··· Data shown

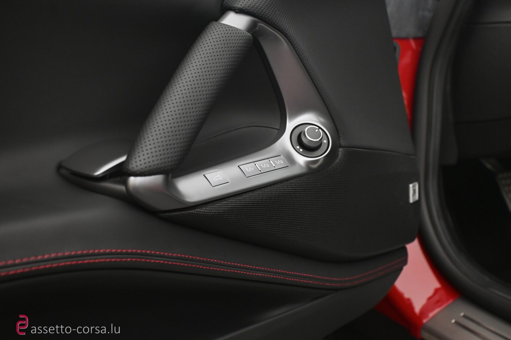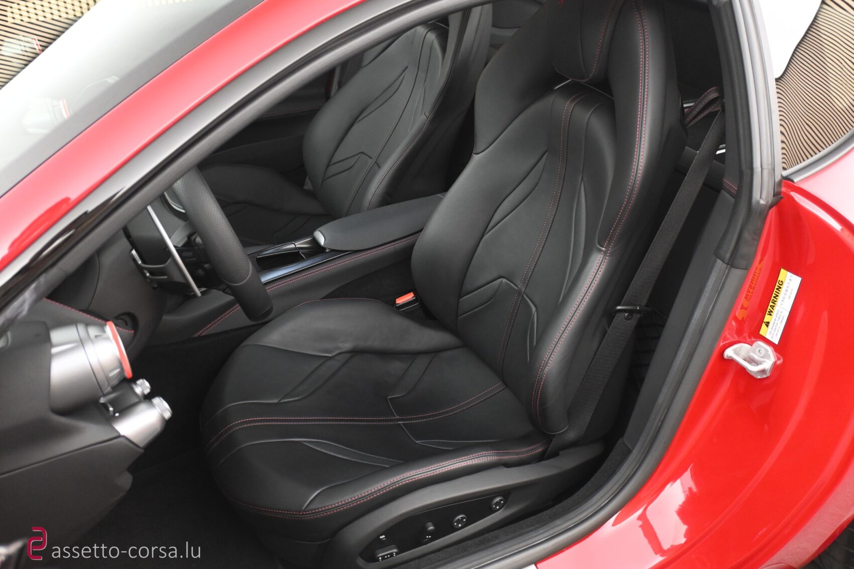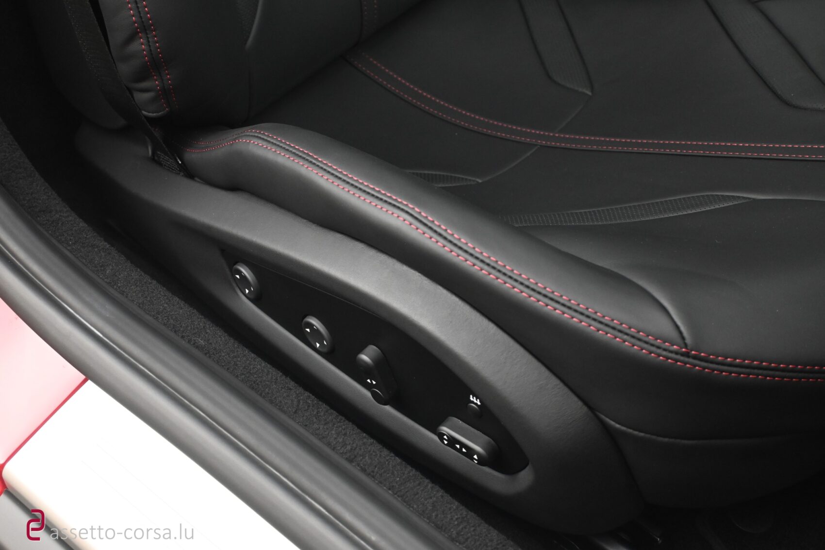 Farbe Interieur: Leder in Schwarz (Nero 8500) mit rotem Stitching (Bordeaux 0106)
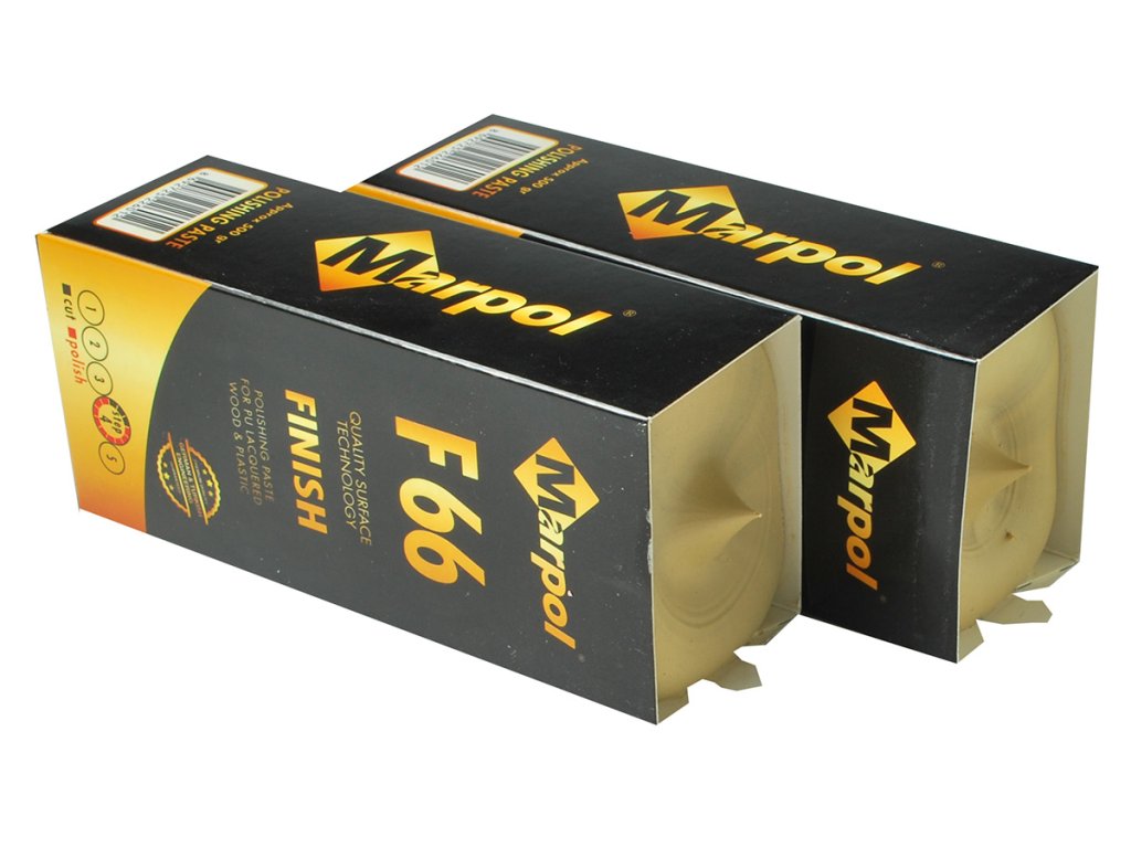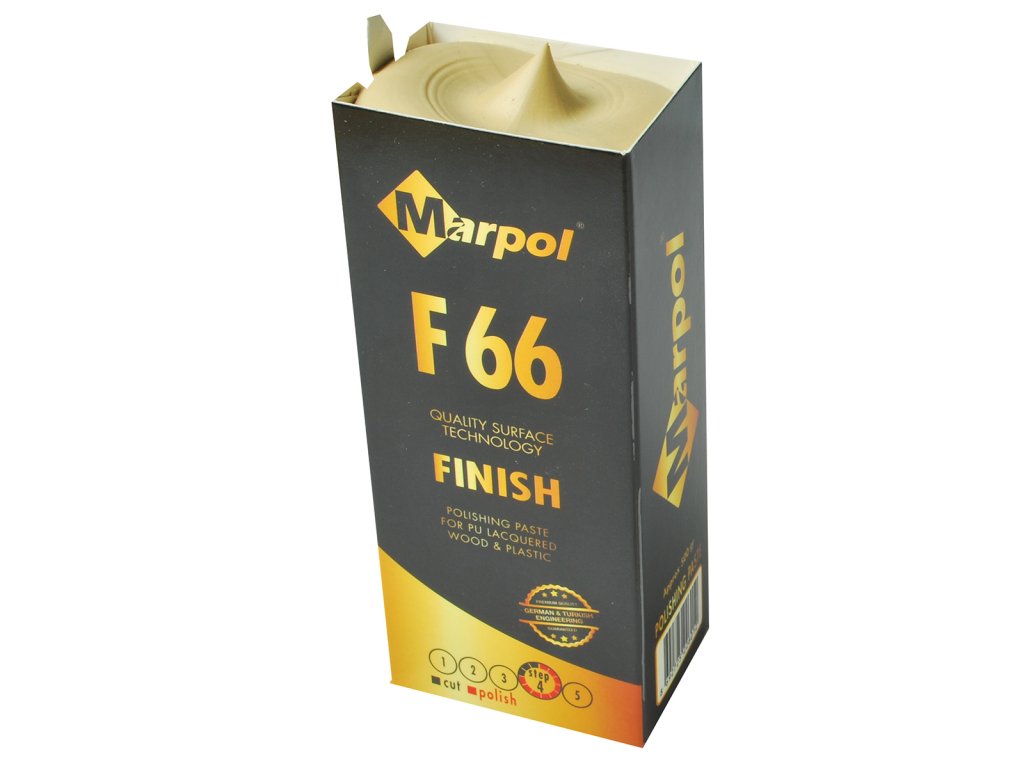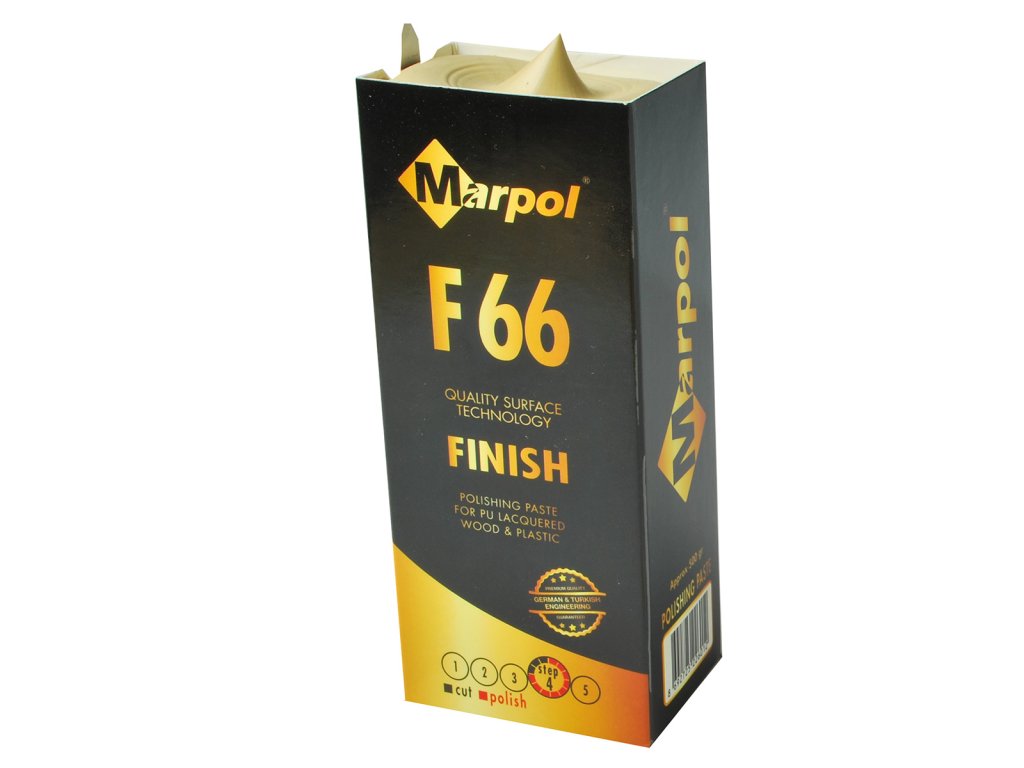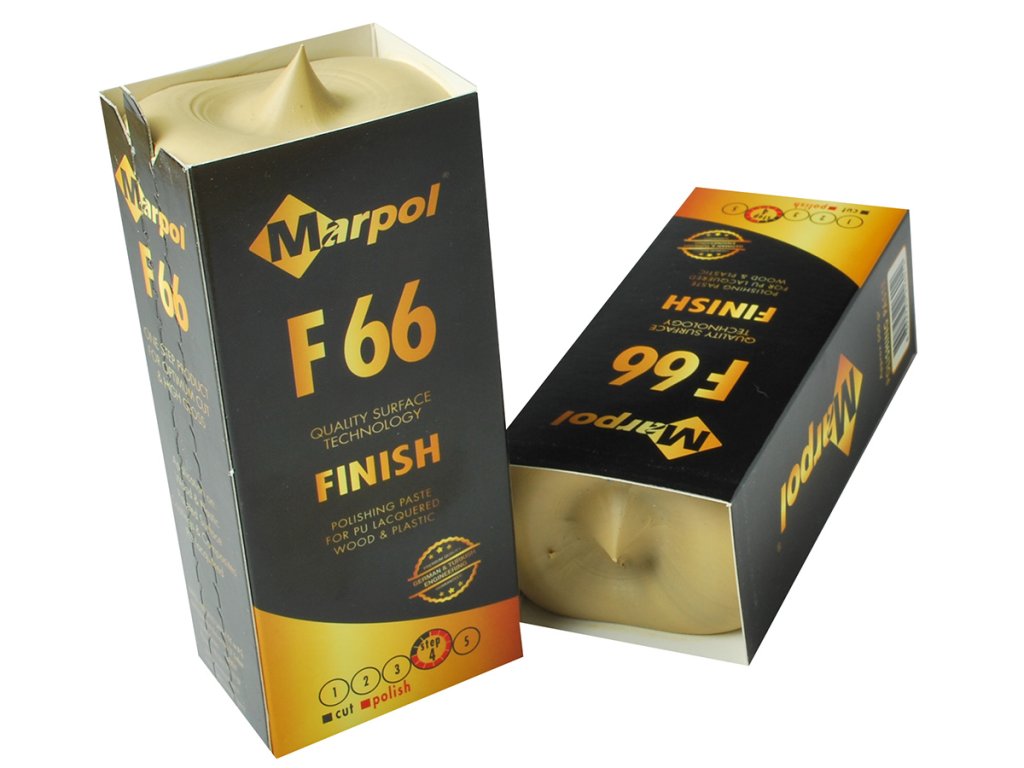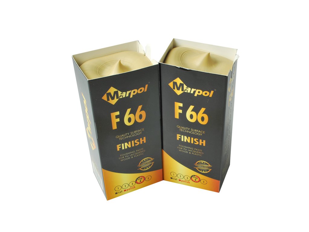 MARPOL F66 – finální leštící pasta (stupeň 4) pro vysoký lesk na měkkých materiálech jako je dřevo, plasty, polyuretanové laky, epoxidové pryskyřice a akryláty. Používá se s bavlněnými a flanelovými kotouči.
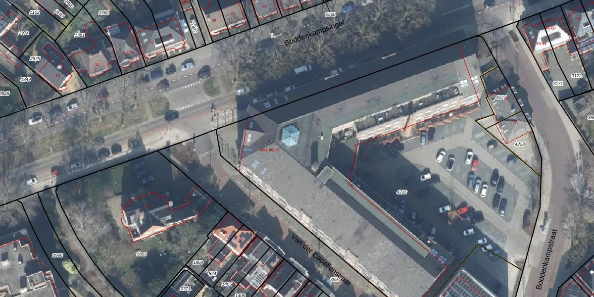 Het perceel waarop Boddenkampsingel 80-61 staat heeft een oppervlakte van 5705 m². Dit is een zeer groot perceel. De perceeloppervlakte wordt geregistreerd door het Kadaster. Gedetailleerde informatie over de maten van dit perceel kunt u vinden in het rapport Kadastrale kaart met maatvoering van Boddenkampsingel 80-61.
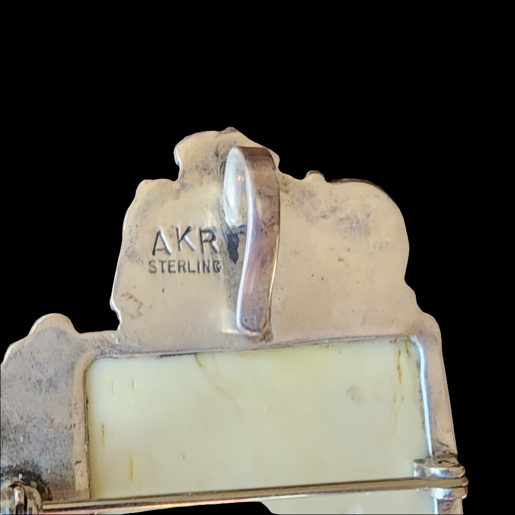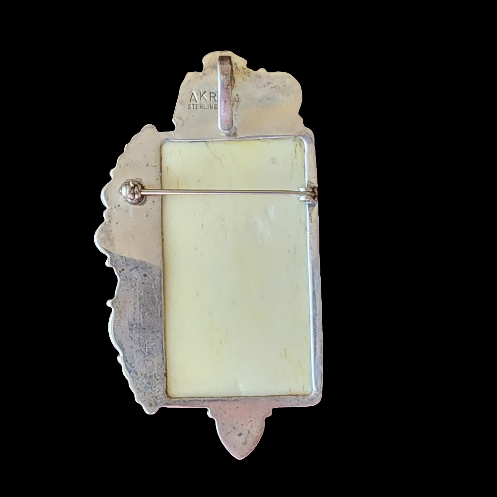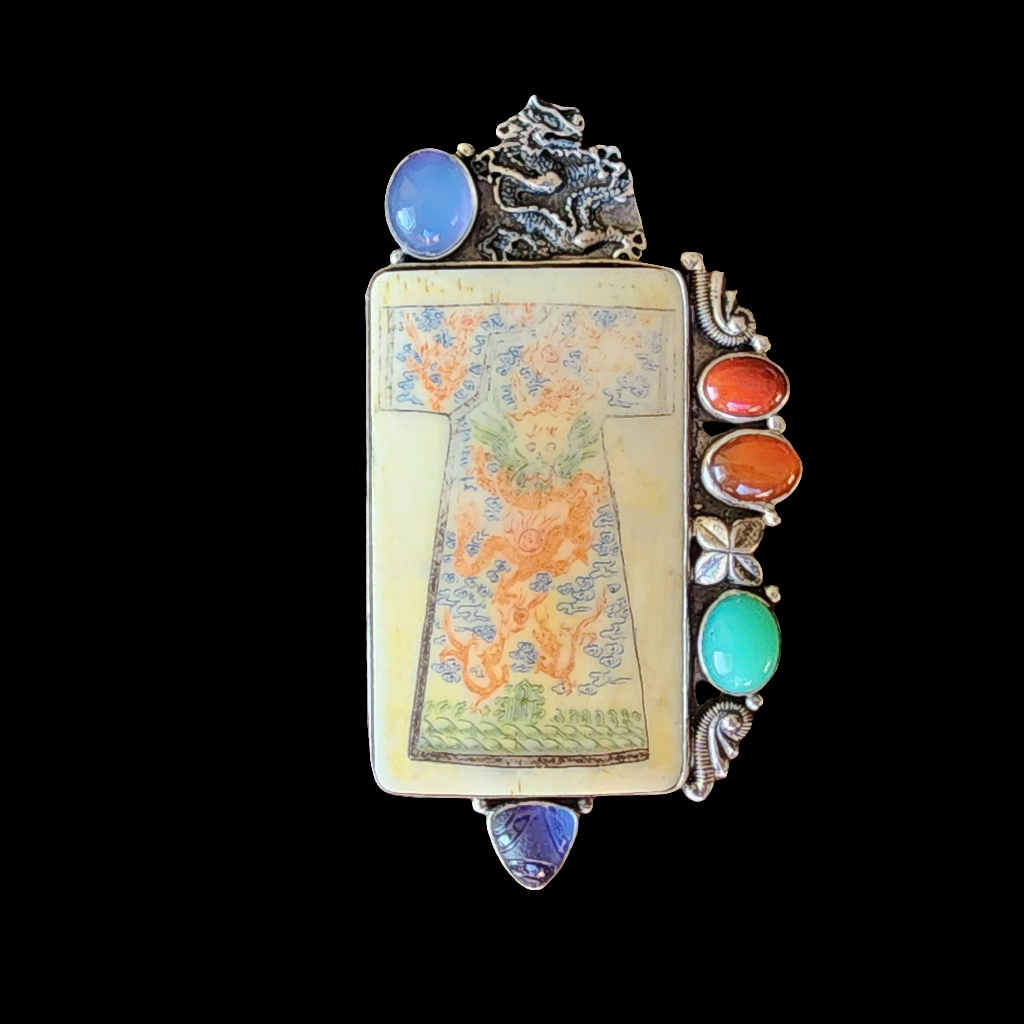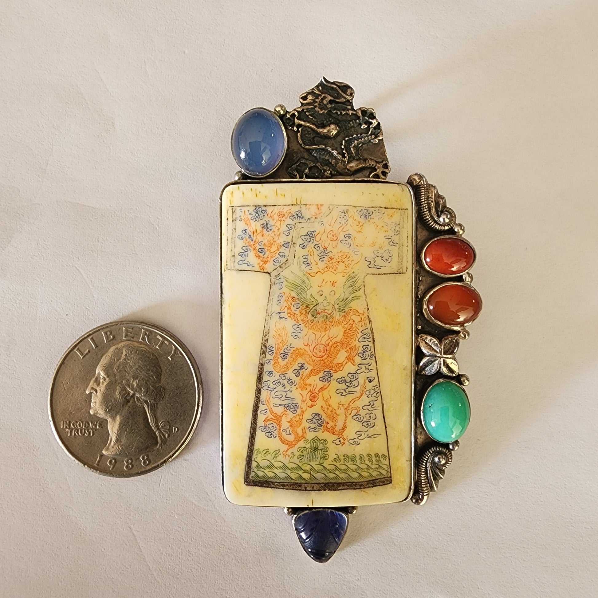 you are getting a Sterling silver vintage pendent brooch by AKR (Amy Kahn Russell ) it has multi stones.The bottom has a cool design on the blue stone, there is a little dragon by the top of brooch, the shirt looks to be organic (bone or ivory) quarter is for size

······

**Required work:**
Retype all the data exactly; skip the pictures.

**Task solution:**
 Farbe Interieur: Leder in Schwarz (Nero 8500) mit rotem Stitching (Bordeaux 0106)
 MARPOL F66 – finální leštící pasta (stupeň 4) pro vysoký lesk na měkkých materiálech jako je dřevo, plasty, polyuretanové laky, epoxidové pryskyřice a akryláty. Používá se s bavlněnými a flanelovými kotouči.
 Het perceel waarop Boddenkampsingel 80-61 staat heeft een oppervlakte van 5705 m². Dit is een zeer groot perceel. De perceeloppervlakte wordt geregistreerd door het Kadaster. Gedetailleerde informatie over de maten van dit perceel kunt u vinden in het rapport Kadastrale kaart met maatvoering van Boddenkampsingel 80-61.
 you are getting a Sterling silver vintage pendent brooch by AKR (Amy Kahn Russell ) it has multi stones.The bottom has a cool design on the blue stone, there is a little dragon by the top of brooch, the shirt looks to be organic (bone or ivory) quarter is for size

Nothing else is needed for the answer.